Checklist Item 1: What is the causal question? Before looking at the data, let’s define the question: What is the effect of Treatment B (vs. Treatment A) on mortality risk in pneumonia patients? Treatment (\(W\)): Treatment B vs. Treatment A. Outcome (\(Y\)): Death (binary). Population: Pneumonia patients. Estimand: Risk difference.
1.1.1 Simulating Simpson’s Paradox
set.seed(123)
n <- 2050
severity <- rep(c("Mild", "Severe"), times = c(1450, 600))
treatment <- c(rep("Treatment A", 1400), rep("Treatment B", 50),
rep("Treatment A", 100), rep("Treatment B", 500))
outcome <- c(rbinom(1400, 1, 0.15), # Mild + A (15% death rate)
rbinom(50, 1, 0.10), # Mild + B (10% death rate)
rbinom(100, 1, 0.30), # Severe + A (30% death rate)
rbinom(500, 1, 0.20)) # Severe + B (20% death rate)
df <- data.frame(
Severity = severity,
Treatment = treatment,
Outcome = outcome
)
# Compute death rates by severity and treatment
death_counts <- tapply(df$Outcome, list(df$Severity, df$Treatment), sum)
table_counts <- table(df$Severity, df$Treatment)
death_rates <- round(death_counts / table_counts, 3)
overall_a <- sum(df$Outcome[df$Treatment == "Treatment A"]) / sum(df$Treatment == "Treatment A")
overall_b <- sum(df$Outcome[df$Treatment == "Treatment B"]) / sum(df$Treatment == "Treatment B")
print("Death rates by severity and treatment:")## [1] "Death rates by severity and treatment:"
## Treatment A Treatment B
## Mild 0.136 0.120
## Severe 0.380 0.204
## Overall death rate (Treatment A): 0.153
## Overall death rate (Treatment B): 0.196
1.1.2 Visualizing Simpson’s Paradox
The plots below mirror the side-by-side comparison from the slides: the left panel shows the aggregated (misleading) view, while the right panel stratifies by severity to reveal the truth.
# Compute stratified death rates
group_rates <- df %>%
group_by(Severity, Treatment) %>%
summarize(Death_rate = mean(Outcome), .groups = "drop")
# Build the two panels as separate data frames
overall_df <- data.frame(
Panel = "Aggregated (Misleading)",
Group = c("Treatment A", "Treatment B"),
Treatment = c("Treatment A", "Treatment B"),
Death_rate = c(overall_a, overall_b)
)
stratified_df <- group_rates %>%
mutate(
Panel = "Stratified by Severity (Truth)",
Group = paste(Severity, "-", Treatment)
)
# Combine
plot_df <- bind_rows(
overall_df %>% select(Panel, Group, Treatment, Death_rate),
stratified_df %>% select(Panel, Group, Treatment, Death_rate)
)
# Set factor order so panels and bars appear in the right sequence
plot_df$Panel <- factor(plot_df$Panel,
levels = c("Aggregated (Misleading)",
"Stratified by Severity (Truth)"))
plot_df$Group <- factor(plot_df$Group,
levels = c("Treatment A", "Treatment B",
"Mild - Treatment A", "Mild - Treatment B",
"Severe - Treatment A", "Severe - Treatment B"))
ggplot(plot_df, aes(x = Group, y = Death_rate, fill = Treatment)) +
geom_col(width = 0.65, alpha = 0.85) +
geom_text(aes(label = paste0(round(Death_rate * 100, 1), "%")),
vjust = -0.5, size = 3.5) +
facet_wrap(~ Panel, scales = "free_x") +
scale_fill_manual(values = c("Treatment A" = "#1F77B4",
"Treatment B" = "#D62728")) +
scale_y_continuous(labels = scales::percent_format(),
limits = c(0, max(plot_df$Death_rate) * 1.15)) +
labs(title = "Simpson's Paradox: Aggregated vs.

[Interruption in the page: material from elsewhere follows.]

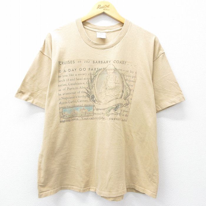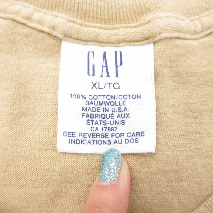 【商品名】 XL★古着 ギャップ GAP 半袖 ビンテージ Tシャツ メンズ 90年代 90s 男性 メッセージ コットン クルーネック USA製 ベージュ【spe】

Stratified Results",
y = "Death Rate", x = "") +
theme_minimal() +
theme(axis.text.x = element_text(size = 8, angle = 20, hjust = 1),
strip.text = element_text(face = "bold", size = 11))
Only after stratifying by the severity of the case are we able to observe that Treatment B is actually more effective than Treatment A for both mild and severe pneumonia cases. The confounding variable (severity) was distorting the overall comparison.
1.2 Why We Use Simulations
Throughout this course, we use simulations. Simulations are computer-generated datasets where we control the true data-generating process. In the real world, we never know the true causal effect. In a simulation, we do. This lets us:
- See both potential outcomes \(Y(0)\) and \(Y(1)\) for every person (impossible in reality)
- Compute the true causal effect and compare it to what an analyst would estimate from observed data
- Understand exactly when and why naive methods go wrong
Think of a simulation as a laboratory for causal reasoning: we build a miniature world, set the rules, and then test whether our statistical tools recover the truth. The code below builds that intuition step by step.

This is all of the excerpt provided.